US 11,704,490 B2
Log sourcetype inference model training for a data intake and query system
Ram Sriharsha, Oakland, CA (US); Zhaohui Wang, Walnut Creek, CA (US); and Kristal Curtis, San Francisco, CA (US)
Assigned to Splunk Inc., San Francisco, CA (US)
Filed by Splunk Inc., San Francisco, CA (US)
Filed on Jul. 31, 2020, as Appl. No. 16/945,448.
Prior Publication US 2022/0036002 A1, Feb. 3, 2022
Int. Cl. G06F 40/284 (2020.01); G06N 20/00 (2019.01); G06F 40/242 (2020.01); G06F 16/33 (2019.01); G06N 5/04 (2023.01)

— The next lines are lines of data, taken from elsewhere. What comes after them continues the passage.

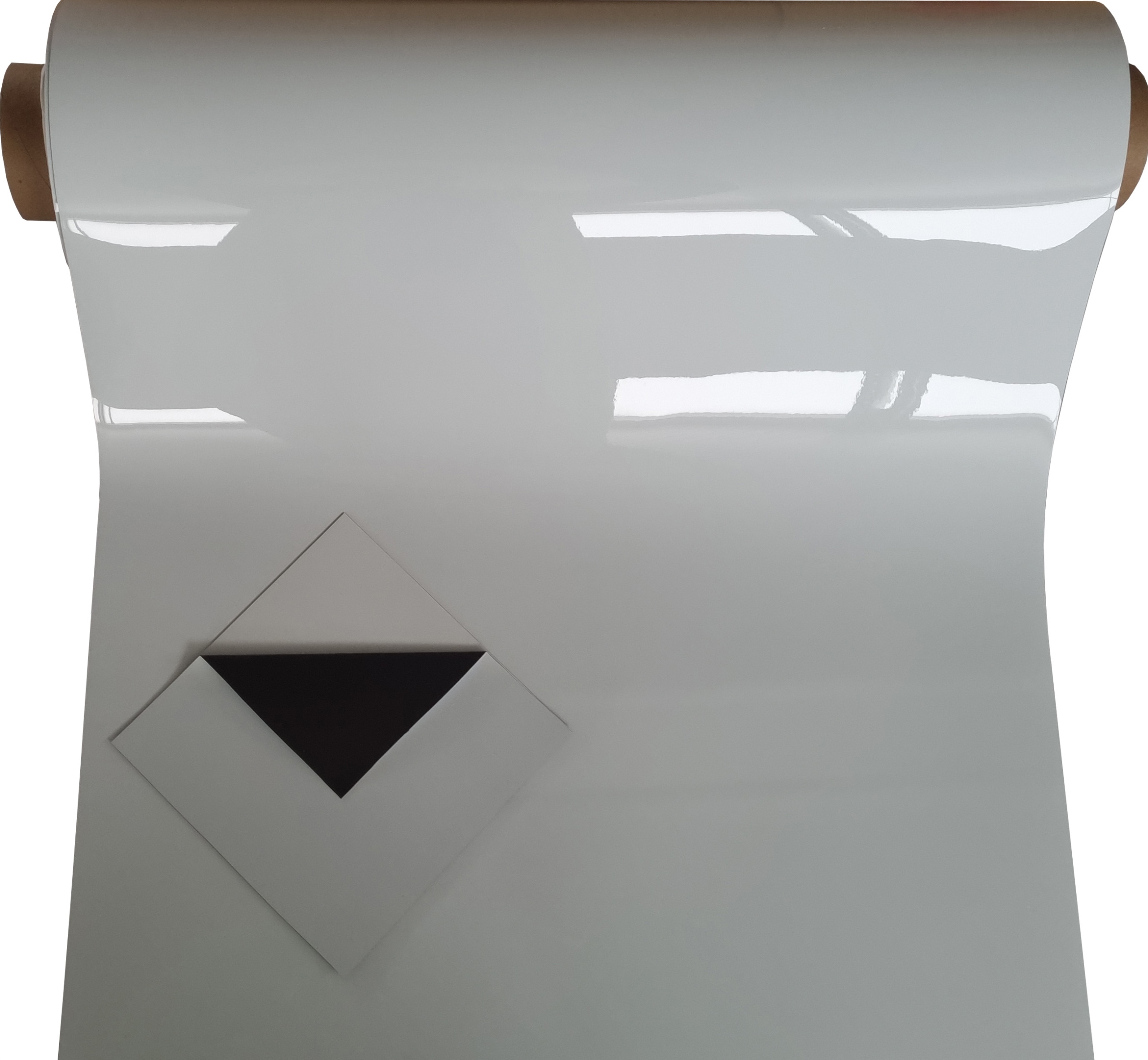 Друга частина — це ПЕТ-ламінат із сухим стиранням із шаром безбарвного клею, який ми використовуємо для ламінування першого шару.
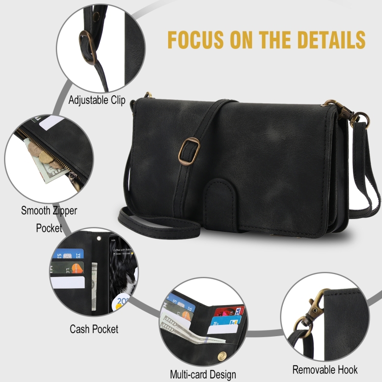 2. Función de billetera multitarjeta: 9 ranuras para tarjetas y 1 compartimento para efectivo con cremallera para guardar sus tarjetas de crédito, efectivo o billetes pequeños para las necesidades diarias.
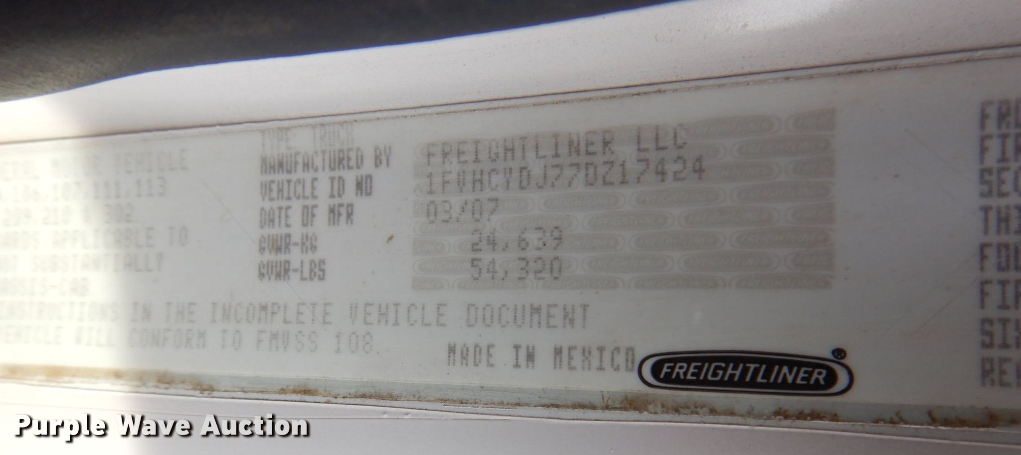 - VIN: 1FVHCYDJ77DZ17424
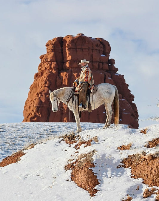 USA- Wyoming. Hideout Ranch cowgirl on horseback riding on ridgeline snow. White Modern Wood Framed Art Print with Double Matting by Gulin, Darrell
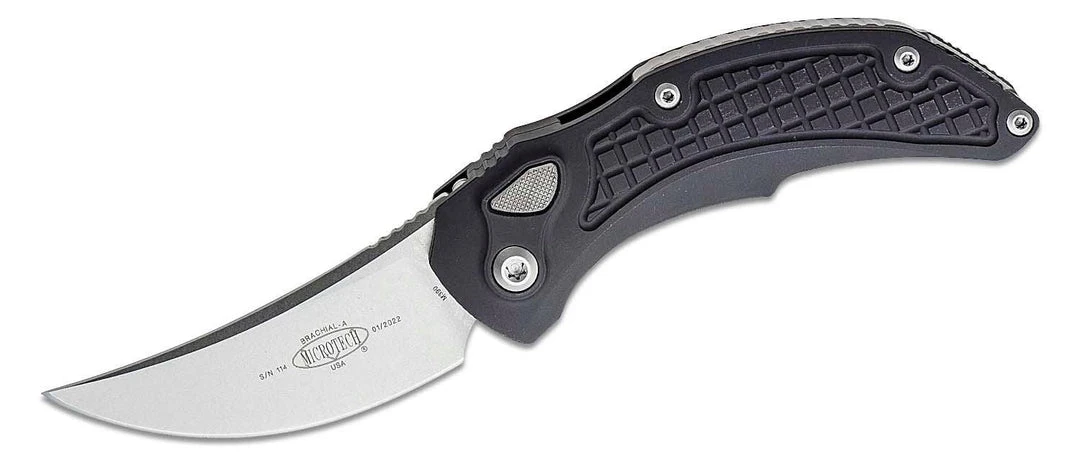 The Brachial is a Persian-style design collaboration with Bastinelli Knives bringing a uniquely styled piece to the Microtech lineup. We love everything about this knife. From its look to its ergonomics, industry-leading action, and materials; it will serve you well for years to come. It’s also suited for a myriad of applications ranging from EDC to tactical and literally everything in-between. Includes a frag-pattern machined finish for additional grip, an excellently designed pocket clip, and a hidden lanyard slot that will accommodate 550 paracord. This is one heck of a knife, get it while you can!
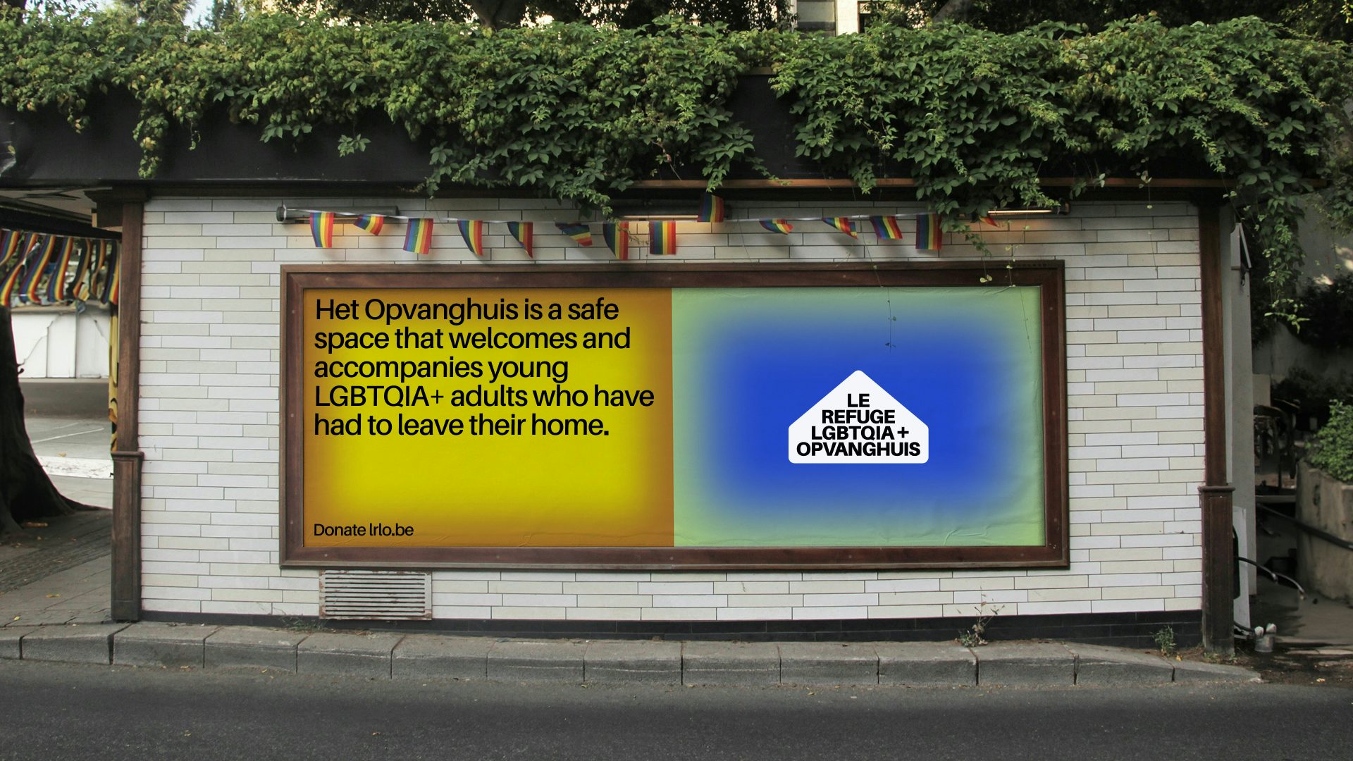 The new identity for Le Refuge (Het Opvanghuis) in Brussels aims to convey joy and pride, alongside the caring nature of the organisation, while asserting its professional vision in providing a safe space and support services for LGBTQIA+ people aged 18 to 25.
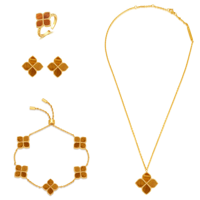 Our jewellery is made with high-quality materials plated with gold, silver, or rhodium, and adorned with premium crystals or stones.

CPC G06F 40/284 (2020.01) [G06F 16/3347 (2019.01); G06F 40/242 (2020.01); G06N 5/04 (2013.01); G06N 20/00 (2019.01)] 20 Claims
OG exemplary drawing
 
1. A computer-implemented method, comprising:
obtaining a log generated by one or more components in an information technology environment;
generating one or more tokens based on text in the log;
filtering the one or more tokens based on a language dictionary to identify a subset of the one or more tokens;
converting the subset of the one or more tokens into a vector that is labeled with an indication of a first log sourcetype; and
training, using the vector, a machine learning model to predict whether a log sourcetype of a log applied to the trained machine learning model as an input is the first log sourcetype.